Ensuring a healthy nest egg

KUALA LUMPUR: Measures must be taken to ensure that there are sufficient savings before allowing the proposal to make it mandatory for Employees Provident Fund (EPF) contributors aged 55 years and above to withdraw their savings periodically, say economists and consumer groups.

Malaysia University of Science and Technology economics professor Geoffrey Williams said that it is extremely important that final savings in EPF member accounts should be maximised first on retirement and then protected and conserved over as long a period as possible.

“So it makes sense to restructure the arrangements for Account 1 to make sure as much as possible is saved there and that it can provide as high a monthly income as possible over as long a period as possible,” he said when contacted yesterday.

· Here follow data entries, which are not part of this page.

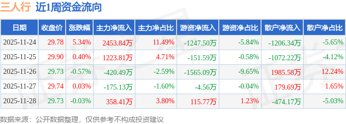 资金流向数据方面,本周三人行主力资金合计净流入3440.44万元,游资资金合计净流出2852.98万元,散户资金合计净流出587.46万元。本周资金流向一览见下表:
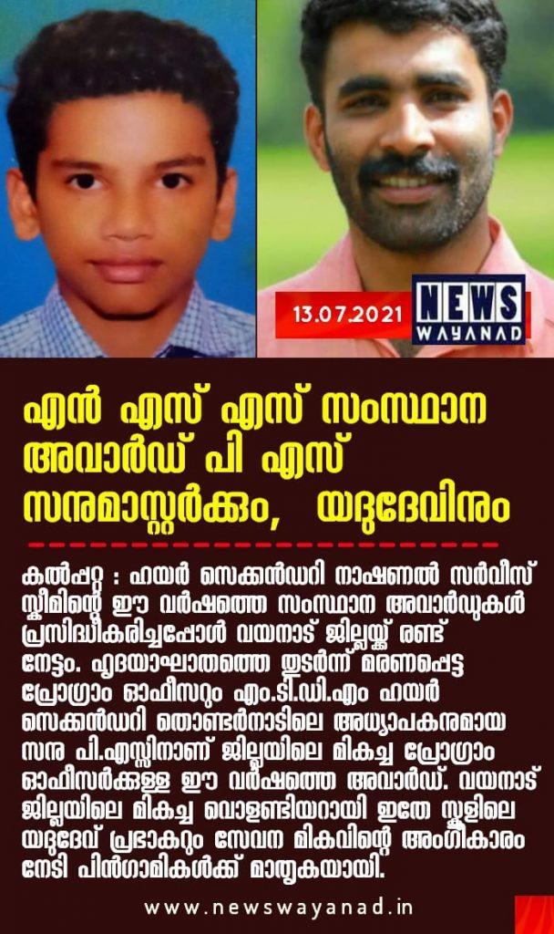 എൻ എസ് എസ് സംസ്ഥാന അവാർഡ് പി എസ് സനുമാസ്റ്റർക്കും, യദുദേവിനും
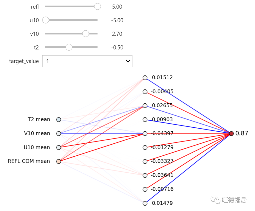 当一组输入通过网络时,我们还可以绘制神经网络权重和值的梯度。将目标值从 0 更改为 1 时,梯度如何变化?改变每个输入字段如何影响整个网络的梯度?
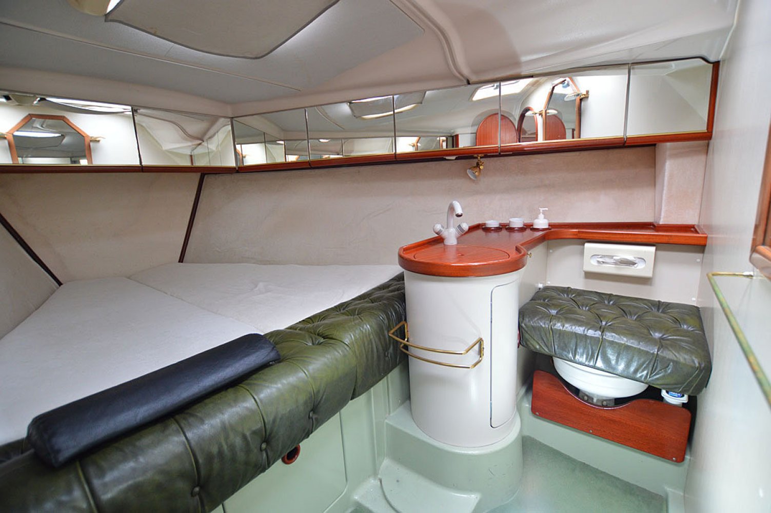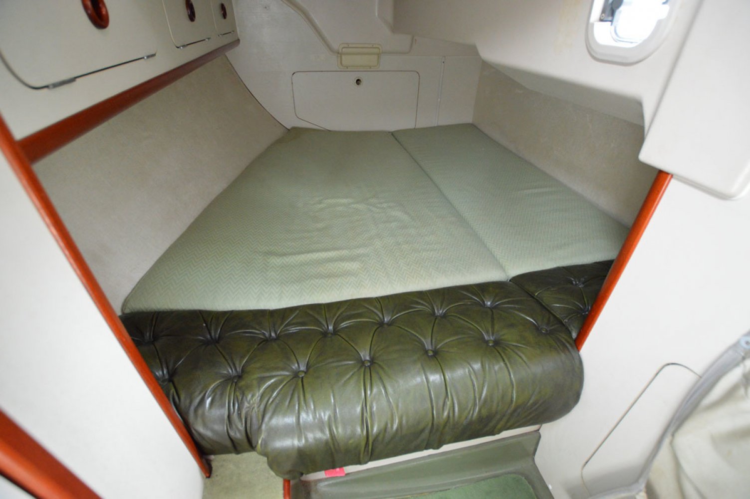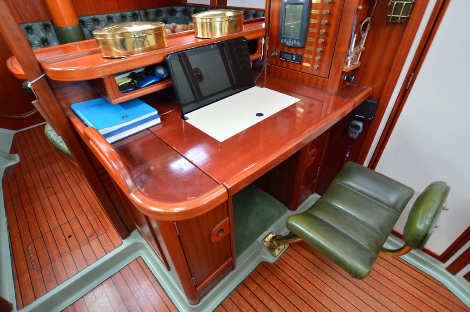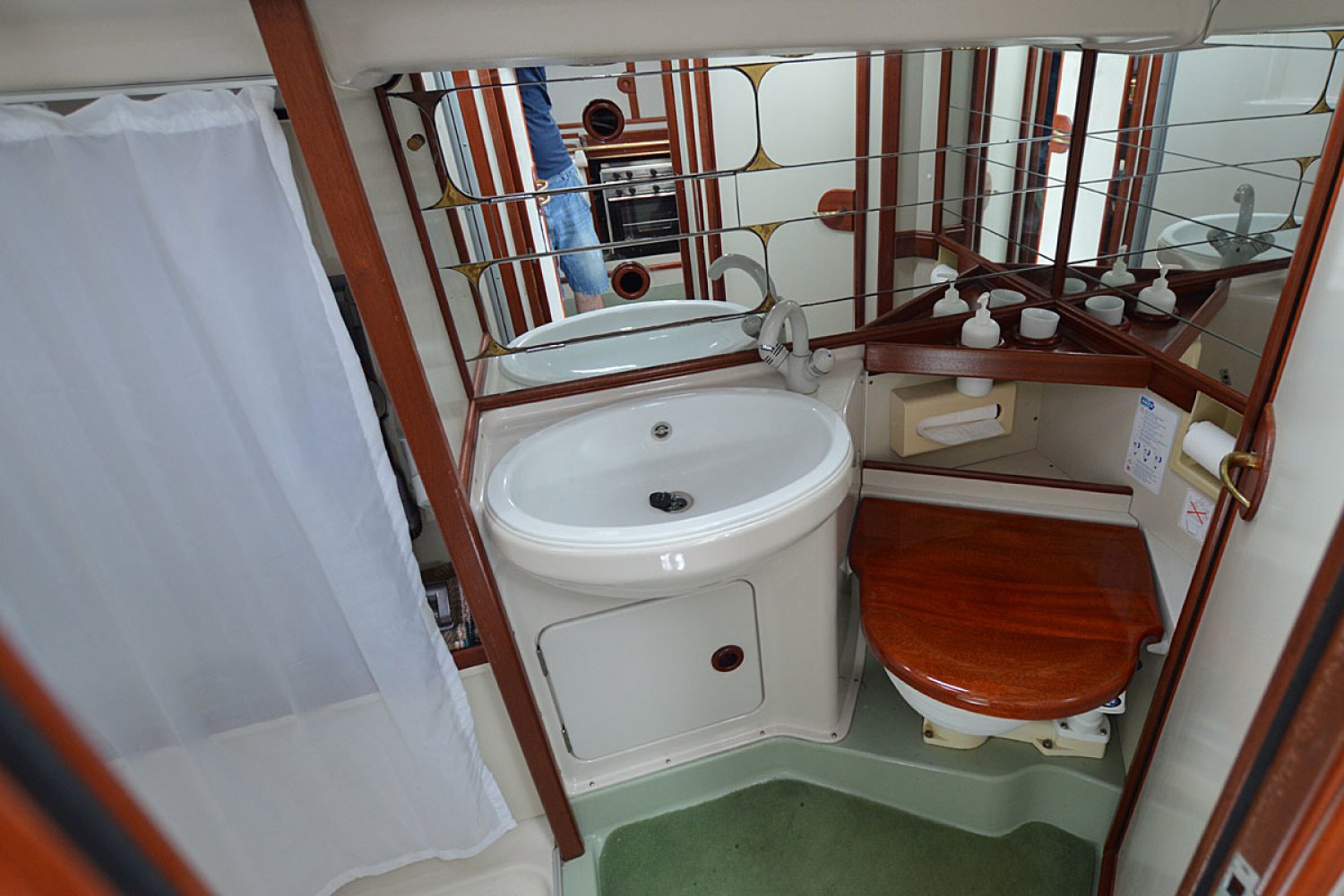 Bij binnenkomst is aan bakboord de kombuis met 3-pits kooktoestel, oven en koelkast. Aan stuurboord de natte cel met toilet, wastafel en douche en de kaartentafel met de nodige navigatieaparatuur. Door gebruik van gelakt mahonie en engels groene lederen bekleding ademt de salon een klassieke sfeer uit, het is goed toeven in de U-vormige bank aan stuurboord, of in één van de twee stoelen aan bakboord. In de punt is een hut met dubbel bed met toilet en wasbak en achter zijn ook nog 2 hutten met een dubbel bed
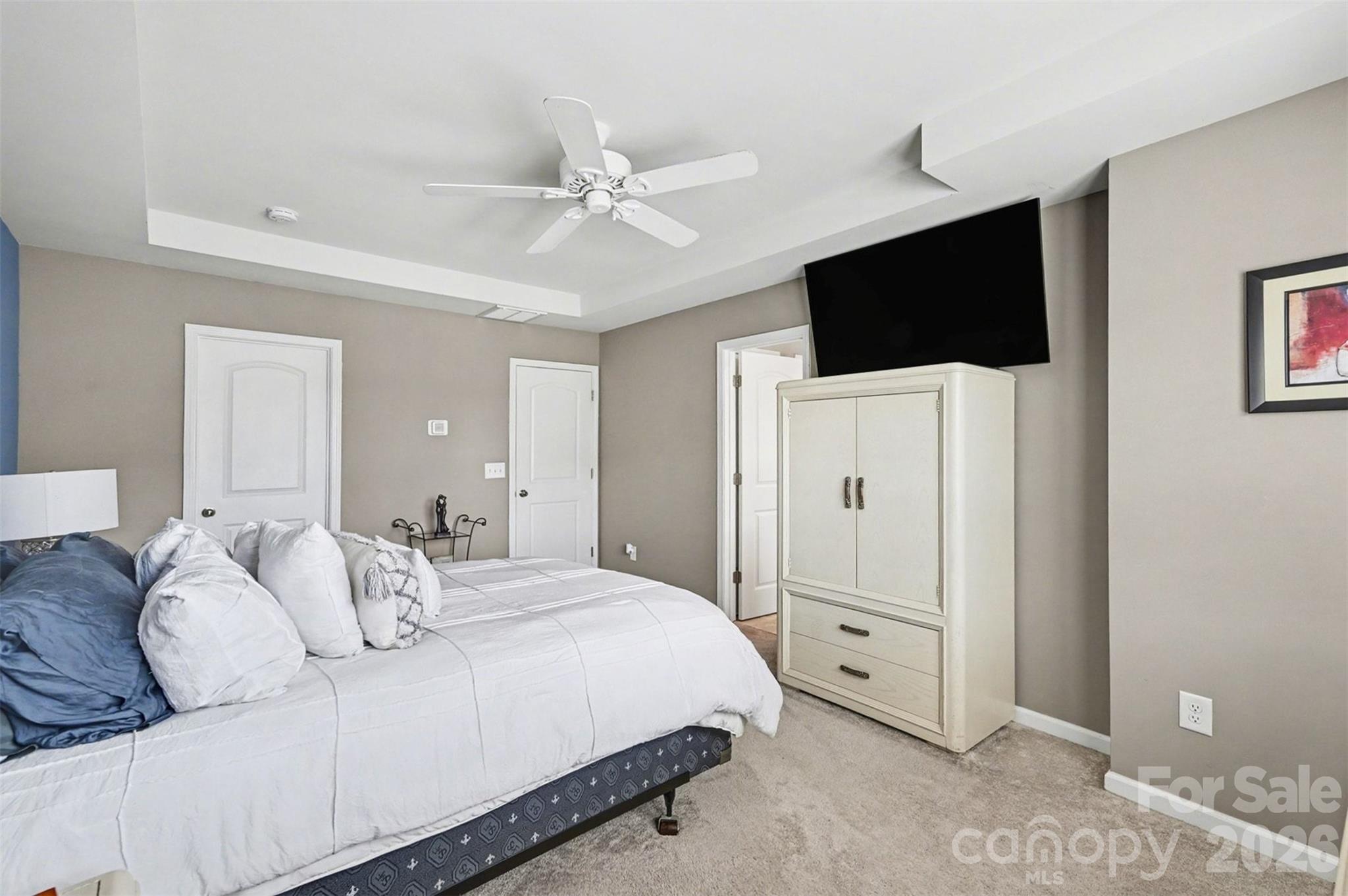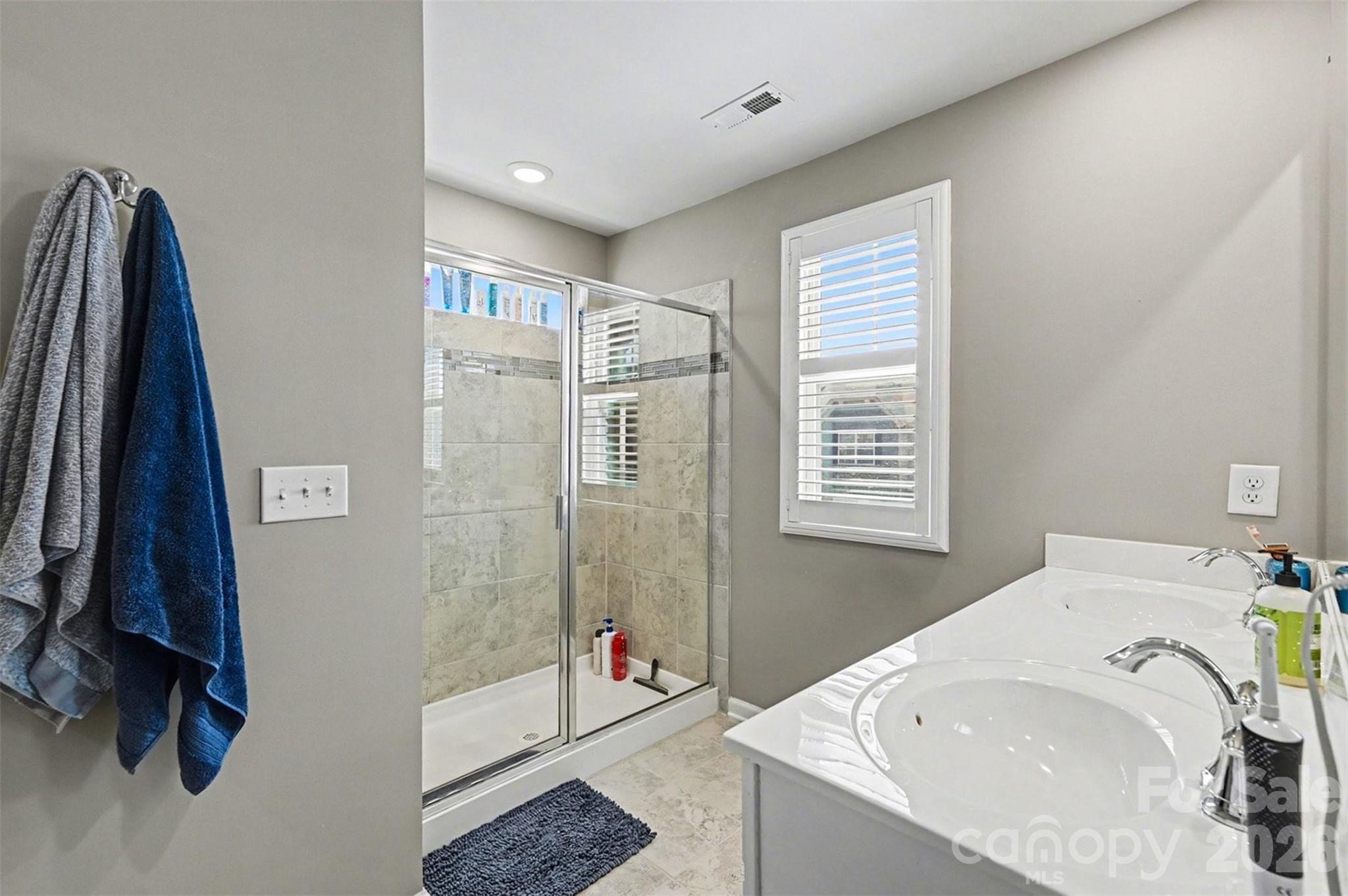 Upstairs, the primary suite is a retreat of its own. A spacious layout, tray ceiling detail, and a spa-like bath with dual vanities and an oversized shower create the perfect place to unwind at the end of the day.

Williams also suggested, in order to compensate, the EPF should offer additional voluntary savings products through EPF’s Account 2 and separately to become a holistic and trusted savings and pensions provider across all aspects of the people’s financial needs.

“EPF should also look at ways of helping people build back their funds and remove the cap on voluntary contributions.

“The government should also consider giving 100% tax exemption on voluntary savings until members have reached the RM600,000 adequacy ratio,” he said.

Manager V. Dave, 54, said that it was a good idea to make it mandatory for new EPF contributors aged 55 years and above to withdraw their savings periodically.

“However, the EPF should set a certain limit for the withdrawals or members might deplete their savings pretty quickly.

“Perhaps, limit it between RM500 and RM1,000,” he said, adding that they can be allowed to withdraw only monthly or quarterly each year.

Federation of Malaysian Consumers Associations’ (Fomca) president Datuk Dr Marimuthu Nadason said that he disagreed with such a mandatory withdrawal proposal, saying that members need more savings when they retire.

“The most important part of the pension fund is that we save for our retirement,” he said.

He also stressed that the government must conduct in-depth studies before implementing any measures to allow more withdrawals by the public from their EPF savings.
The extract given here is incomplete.